— Тогда… как же быть, герцог? — растерянный, спросил Левенвольде, не понимая, куда клонит его покровитель.
— Ну, потом… Мы ещё здесь вот потолкуем все вместе. Спешите, привезите Остермана. И тогда…
Левенвольде замялся.
— А… а если он и в самом деле болен, ваша светлость?.. Как быть тогда?
— Если даже умирает — всё равно! — вспыхнув, резко, забывая всякую сдержанность, отчеканил Бирон. — Скажите ему: «Бирон ничего не забывает! Всегда все помнит… и помощь в трудную минуту… и… вражеский удар из темноты». Напомните ему Волынского! — топнув даже ногою, почти выкрикнул он. — Спешите, граф… Время не терпит…
Левенвольде молча поклонился и быстро вышел.
Глядевший ему вслед Бирон стоял несколько мгновений возбуждённый, с багровым лицом, с жилами, которые вздулись на лбу и на короткой шее.
Вдруг, словно отрезвев, припомнив что-то очень важное, сразу принял другой вид и, стараясь, чтобы его расслышал уходящий по анфиладе покоев обер-гофмаршал, примирительно заговорил:
— Нет, впрочем… на надо! Того не говорите! Не слышит… Э, впрочем, всё равно! — с досадой заметил он сам себе и, почти не обращая внимания на присутствующих министров, зашагал по комнате, в нетерпении покусывая толстые, резко очерченные губы, где серела полуседая щетина усов и бороды, небритой дня два среди тревог и общего беспокойства, овладевшего двором Анны за последнее время.

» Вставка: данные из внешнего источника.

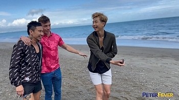 The threesome wish Carlotta a happy journey up the rainbow bridge, and Occitan invites Travis and Nolan to a bedroom playtime that will make them even happier. Offering a juicy blowjob to Travis while he's giving his ass to Nolan, Occitan is the perfect example of hotel service with more than a smile. He takes turns swallowing down both Nolan's and Travis' big American cocks. Lying back with legs spread wide, he welcomes both his guests to fill up his hungry asshole. Like the Tower of Babel, this hotel suite is a cacophony of sex talk in English and Occitan's native French. Once Travis sprays his sperm, Occitan's booty is leaking a big creamy load. And Nolan bids his final goodbye to the pink Lotus with a sticky wad aimed right into the concierge's handsome face. "Welcome to the Pink Lotus," he purrs in his sexy Frenchified English.

— А… вот и наш господин фельдмаршал пожаловал! — с довольным видом возгласил Бестужев, занявший наблюдательный пост у окна, выходящего на площадь.
— Миних! Ещё предстоит работа — обломать его!.. — проворчал Бирон, но сейчас же возразил сам себе: — Впрочем, нет! Этот много проще, прямее старой лисы, Остермана. Скорее все разберёт и поймёт… Один он подъехал?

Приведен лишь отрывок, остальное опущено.